Invidiare il cristiano che compie il proprio dovere. L’invidia diviene peccato contro lo Spirito Santo quando raggiunge livelli diabolici, quando cioè l’invidioso non solo desidera il male fisico ma anche il male morale dell’altro, non solo spera che l’altro cada in peccato, ma addirittura cerca di pervertirlo.
Ostinarsi nel peccato. Scrive Marlowe: “Sebbene tu abbia peccato come un uomo, non perseverare nel male come un demonio” (Faust).

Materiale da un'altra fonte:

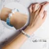 1.圖上藍拓帕石寬約9.8mm,純銀貔貅長約27mm、寬約12.7mm、高約11.2mm,六字真言球約11.5mm,整體手圍約15.5cm。

Nei primi secoli del Cristianesimo era diffusa la consuetudine di fare quasi coincidere il battesimo con l’unzione degl’infermi per essere liberati non solo dal peccato originale, ma anche da tutti i peccati attuali commessi nel corso della vita. Ma questo significa abusare della paziente misericordia di Dio.

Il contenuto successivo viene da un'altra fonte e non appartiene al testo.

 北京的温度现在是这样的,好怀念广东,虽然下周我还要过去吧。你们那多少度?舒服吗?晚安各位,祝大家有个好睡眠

Impenitenza finale. Finché c’è vita, c’è speranza di salvarsi l’anima. Dio ci attende sino all’ultimo istante. Dio ci parla sempre, l’impenitente non ascolta mai la sua parola. Dio ci tende sempre una mano. L’impenitente la respinge sempre. Non può incolpare altri che sé stesso del suo destino di perdizione. Il cristiano, invece, ogni giorno chiede a Dio la grazia di morire in grazia.